Décidément, l’année aura été favorable au cinéma. Après une moisson cannoise si riche qu’on aurait pu redouter une mise en jachère obligée, la récolte vénitienne aura été de même portée. Avec en cerise sur le gâteau un palmarès presque de bout en bout conforme à nos souhaits. Comme le souligne l’ensemble de la presse italienne, pour une fois les meilleurs ont gagné.
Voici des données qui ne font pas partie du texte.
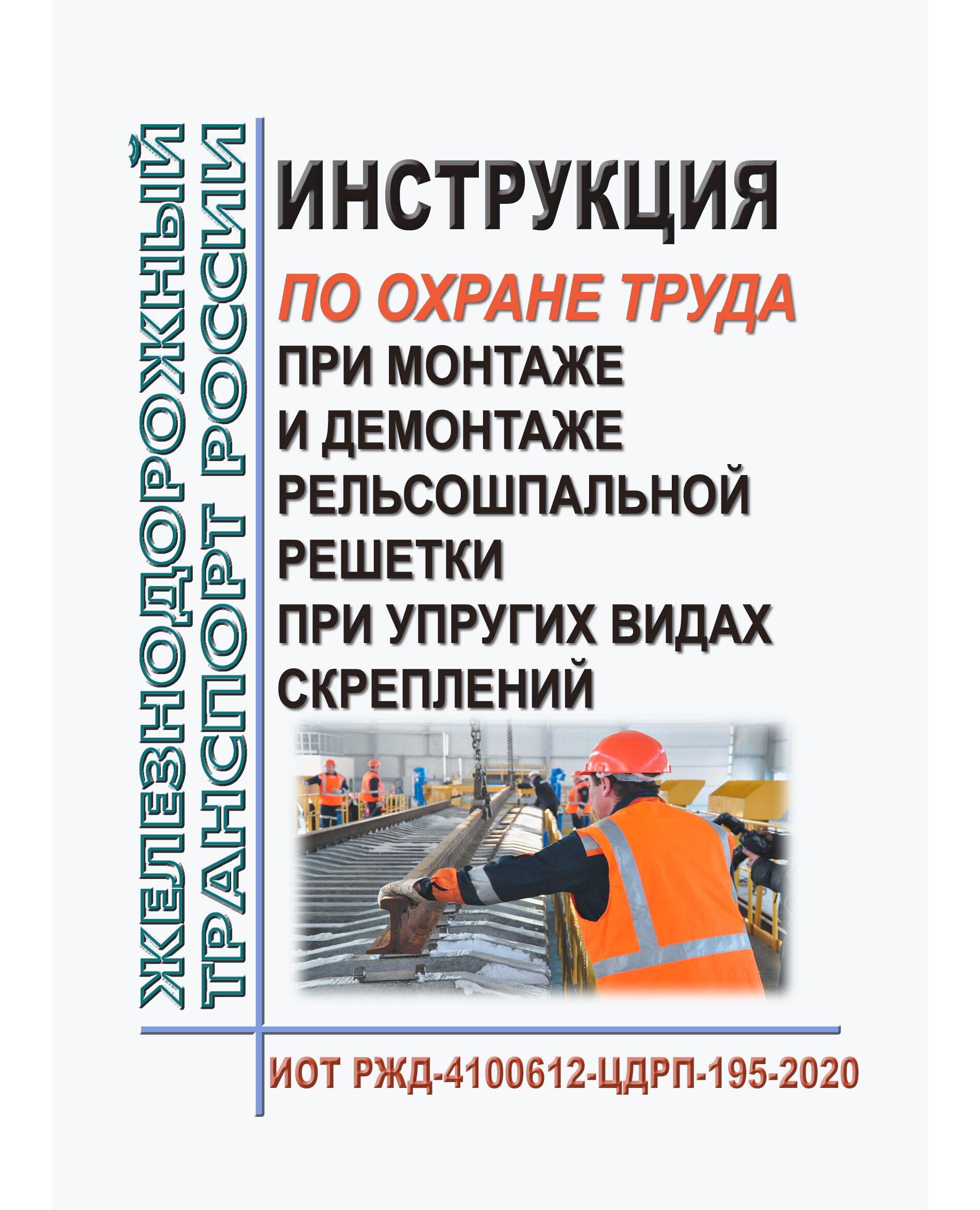 Настоящая Инструкция устанавливает основные требования безопасности для монтеров пути, бригадиров по текущему содержанию и ремонту пути, дорожных мастеров, машинистов кранов, монтеров пути, выполняющих обязанности стропальщиков при монтаже и демонтаже рельсошпальной решетки при упругих видах скреплений.

Saluons d’abord le Lion d’or attribué à Alexander Sokourov. Ce créateur majeur de notre temps n’avait jamais encore obtenu de récompense à sa mesure, jugé trop élitiste sans doute. Voilà qui est fait avec ceFaust, à la fois transposition fondamentalement fidèle du texte de Goethe, donné en allemand, et prolongement de la réflexion du cinéaste sur l’essence du pouvoir. Film très impressionnant aussi, Shame de Steve McQueen, qui repart avec le prix de la critique internationale et l’interprétation masculine pour Michael Fassbender, le magnifique comédien qui jouait Bobby Sands, membre de l’IRA, conduisant sa grève de la faim jusqu’à la mort dans Hunger, le premier film de McQueen. Même maîtrise totale ici du jeu comme de la mise en scène, mais opposition de contexte puisque nous sommes chez les yuppies new-yorkais du moment. Dans le film précédent on mourrait pour ses convictions, ici de ne pas en avoir, la consommation effrénée du sexe tentant de combler un vide existentiel antonionesque. L’interprétation féminine n’a pas non plus suscité la moindre contestation tant est évident le talent de Deanie Yip, une cinquantaine de titres à son actif mais inconnue chez nous, dans le film de Ann Hui, Une vie simple. On est aussi ravi de trouver au palmarès en prix spécial du jury Terraferma d’Emanuele Crialese, le pendant italien de Philippe Lioret. Nous sommes là dans la tradition du néoréalisme, dans une de ces îles (Lampedusa est la plus connue) qui voit débarquer au péril de leur vie des immigrés venus d’Afrique, ce qui n’a pas l’heur de plaire à nombre d’autochtones non tant racistes en soi que vivant du tourisme, eux-mêmes contraints à cette activité car la pêche ne donne plus. Le film sait exposer les problèmes dans leur complexité, allant jusqu’à souligner la différence entre les générations venues de la Résistance et celles simplement conduites par le profit.
Un palmarès sans faute donc, nos seuls bémols étant pour le prix du scénario à Alpis nouveau film de l’auteur de Canine, Yorgos Lanthimos, qui nous avait déjà fort énervé, et, secondairement, la légère surévaluation qui a conduit à donner le Lion d’argent de la mise en scène au deuxième film de Cai Shangjun,Gens de la montagne gens de la mer (c’est une expression chinoise) qui, sous prétexte de traque d’un assassin, nous permet de découvrir les dures conditions de travail à la mine, comme des paysages dignes de westerns.